Verhaeghe : Vous pouvez également le voir dans les nouveaux formulaires de relation. C'était une relation LAT, vivant séparément ensemble. Maintenant, c'est la relation AAP :seulement si elle vous convient.
Vous avez chacun plongé dans l'amour à votre manière. Que retenez-vous de cela ?
Verhaeghe : Savoir qu'être amoureux c'est très bien, mais ça finit. Et que tu es aveugle quand tu es dedans. C'est bien, c'est comme ça que ça devrait être. Mais au moment où vous en sortez, vous devez réaliser que cela devait se terminer. Il n'y a rien de tel que "dans le monde extérieur, il y a quelqu'un qui se promène qui est ma parfaite autre moitié". La question est de savoir si vous pouvez continuer votre vie avec cette femme ou cet homme. Comment ça marche? Cela convient-il ? Comment apprend-on à argumenter ? Très important. C'est une réalisation complètement différente. Quand j'ai écrit ce livre, beaucoup de pages faisaient partie de mon propre processus de croissance - mais je ne dis pas lesquelles (rires) .
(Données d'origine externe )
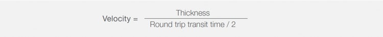 高精度の音速測定には、72DL PLUS超音波厚さ計(+または–10ピコ秒)をお勧めします。必要に応じて、音速を求めるために単位をcm/秒またはインチ/秒に変換します(時間は通常μ秒で測定し、cm/μ秒またはインチ/μ秒に106を掛けてcm/秒またはインチ/秒を出します)。求めた音速を次の式に当てはめることができます。

Borman : Les connaissances du monde entier m'aident à mettre les choses en perspective. Je trouve que je ne suis pas le seul à lutter avec toutes ces choses. Vous apprenez à vous contenter de ce qui est là et à en voir la valeur. Et vous ne serez plus dérangé par les nouvelles hype dans les magazines avec des conseils pour une relation durable ou pour devenir un meilleur amant. La connaissance et la science apportent néanmoins une certaine stabilité et une certaine perspicacité. Peut-être aurais-je vécu mon amour d'une manière différente si j'avais eu une éducation amoureuse quand j'étais jeune, basée sur les idées que nous avons maintenant. Mais je ne dis pas que j'aurais épousé une autre femme. Au contraire.